I have this irrational fear that the flow will stop, like when I'm surfing away on the Internet and all of a sudden my computer freezes up. I don't write like "normal" writers who sit down and create a story line and characters. That SO impresses me. I "receive" my stories or novels from an unknown source like some Secret Santa from my childhood. Often they fall into my head in the shower or while driving home at night or while walking through the redwoods...times when there's no paper in sight. I've learned to accept these gifts and bring them into form (as soon as I locate paper). So, I think of myself more as a story-catcher. Problem is, I don't know who's pitching and I'm afraid some day they'll leave the game, and leave me story-less.
Jo Lauer of Santa Rosa, CA, is a psychotherapist in Sonoma County.
God said to Moses—Get thee about thy writing chores.
Moses said—Aye-aye, Your Majesty
But Moses was filled with sloth and loathing for the hard work and furthermore he feared to face the wroth of his public if they should peer inside and view the covetous nature of his black, cold heart.
But God was hip and said to Moses—Moses, I told you to get thee about your writing. Most people don't give a shit what you think. You are presumptuous and maybe vain and you know how I feel about vanity.

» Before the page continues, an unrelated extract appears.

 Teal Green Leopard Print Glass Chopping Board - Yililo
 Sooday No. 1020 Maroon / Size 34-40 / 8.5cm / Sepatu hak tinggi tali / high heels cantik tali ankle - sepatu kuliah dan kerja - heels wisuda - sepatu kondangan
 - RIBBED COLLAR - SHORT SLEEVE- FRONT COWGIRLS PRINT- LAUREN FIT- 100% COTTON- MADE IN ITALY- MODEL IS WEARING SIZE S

Moses fell on his knees and said—Oh Lord, suffer me some slack. I fear my public more than I fear Thee. The public may think my name is failure.

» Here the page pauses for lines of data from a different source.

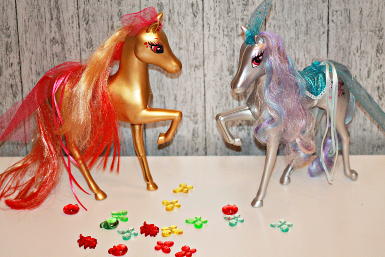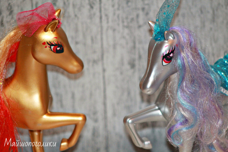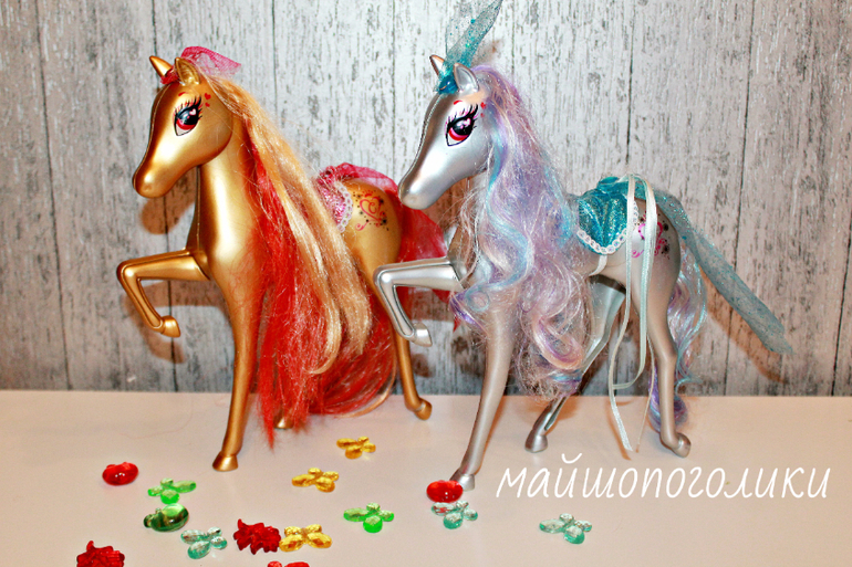 Нам повезло пришли лошадки двух цветов!!!!! Пластик прочный ....и каких то изъянов я найти не могу!!!!! Лошадка не цельная ...а как из двух частей...хвосты ...у нас много терпят...им чуть чуть качество получше..бы... и вообще был бы полный восторг)...но это меня как взрослую напрягает а Варюха их любит...это одни из самых востребованных игрушек!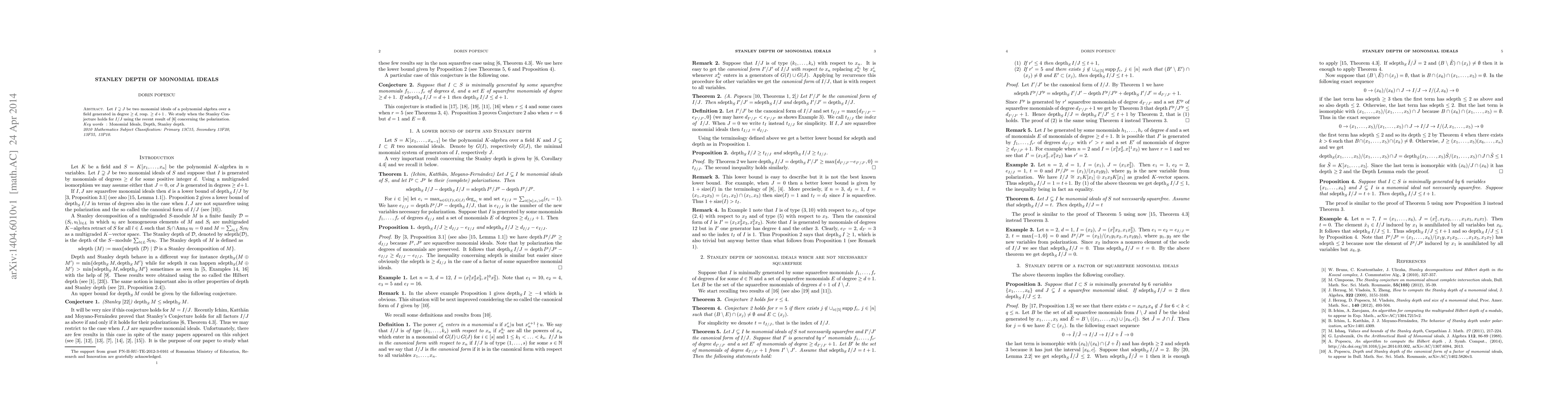 Let $I\supsetneq J$ be two monomial ideals of a polynomial algebra over a field generated in degree $\geq d$, resp. $\geq d+1$ . We study when the Stanley Conjecture holds for $I/J$ using the recent result of \cite{IKM} concerning the polarization.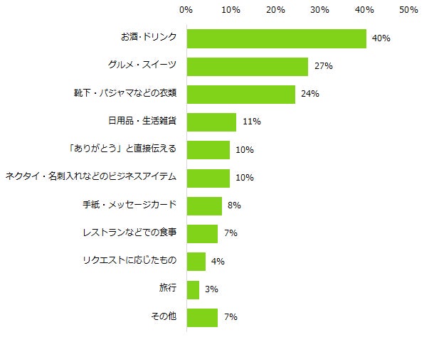 【図7】「父の日にプレゼントを贈る予定あり」と回答した方に伺います。今年の父の日に贈るプレゼントを教えてください。(複数回答可)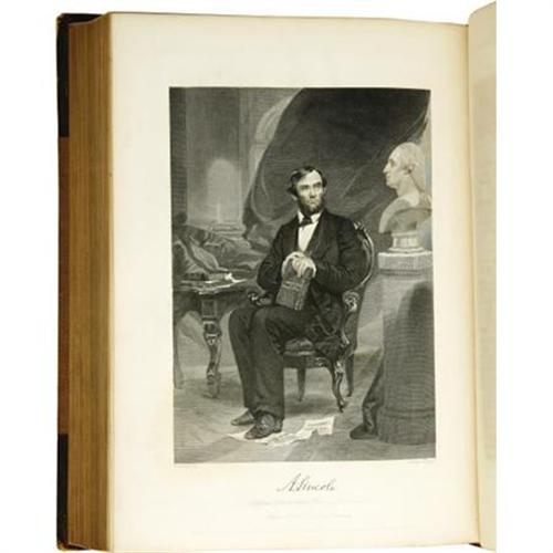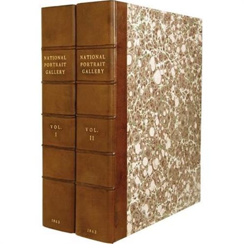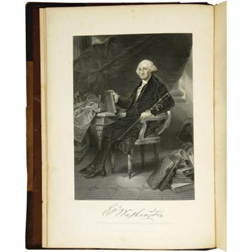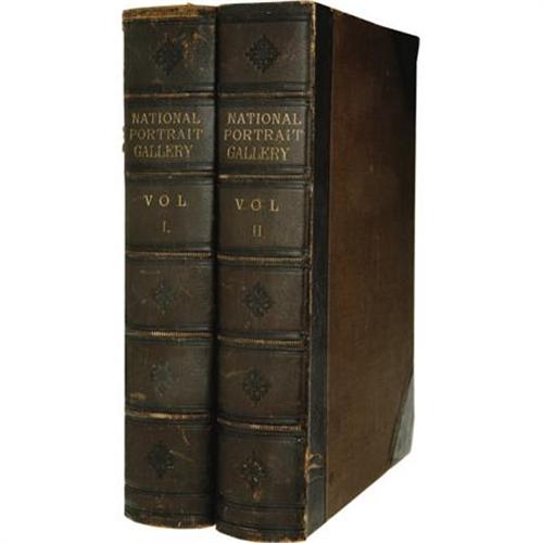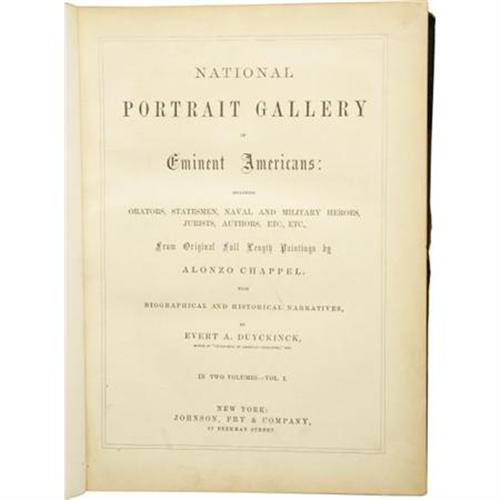 <B>Two Volume Quarto Set of <I>National Portrait Gallery of Eminent Americans:</B></I></B></I> <I>Including Orators, Statesmen, Naval and Military Heroes, Jurists, Authors, Etc., Etc., from Original Full Length Paintings by Alonzo Chappel with Biographical and Historical Narratives, by Evert A. Duyckinck.</B></I> (New York: Johnson, Fry & Company, 1862), two volumes, 488 pages & 470 pages respectively, half leather with five raised spine bands as well as gilt spine lettering, 4to (8.5" x 11.25"), housed in a sturdy custom leather-backed slipcase with marbled paper boards. All edges gilt. Evert A. Duyckinck was a prolific editor of historical American reference works in the mid 19th century, and this National Portrait Gallery collection is among his best and most favored works. Contained herein are over a hundred striking steel engravings of various famous American historical personages plus brief biographical sketches by Duyckinck. The set presented here is in about very good condition, with some noticeable wear to the leather on both volumes, bumped corners, and mild rubbing to the boards of each as well. The binding is tight on each volume, with minimal off-setting of the engravings, confined mostly to the protective tissue adjacent to each illustration. The text shows scattered foxing in small areas, but is overall very clean. This set of <I>National Portrait Gallery of Eminent Americans</B></I> is a real feast for both the mind and the eye for any fan and/or collector of American history.<BR><BR><b>Shipping:</b> Books & Catalogs (<a target="_blank" href="http://www.heritageauctions.com/common/shipping.php">view shipping information</a>)

But God got mad and said—Bring me thy oldest child. I will take him as sacrifice and we shall see whom you fear most.
And Moses saw that God was Good. But more importantly, he saw that God had Power which made Him Right. And Moses saw that he finally loved something more than he feared Failure. And Moses, he did Write.
Ken Rodgers, Boise, Idaho www.kennethrodgers.com.
I am schizophrenic when it comes to the thought of people reading my writing. My twin fears about writing are that a) no one will ever read my writing and b) that someday someone will read my writing. Which fear is stronger? Given my many writing fragments and few finished pieces, I would say they are evenly matched opponents, so even that they prevent much of anything happening.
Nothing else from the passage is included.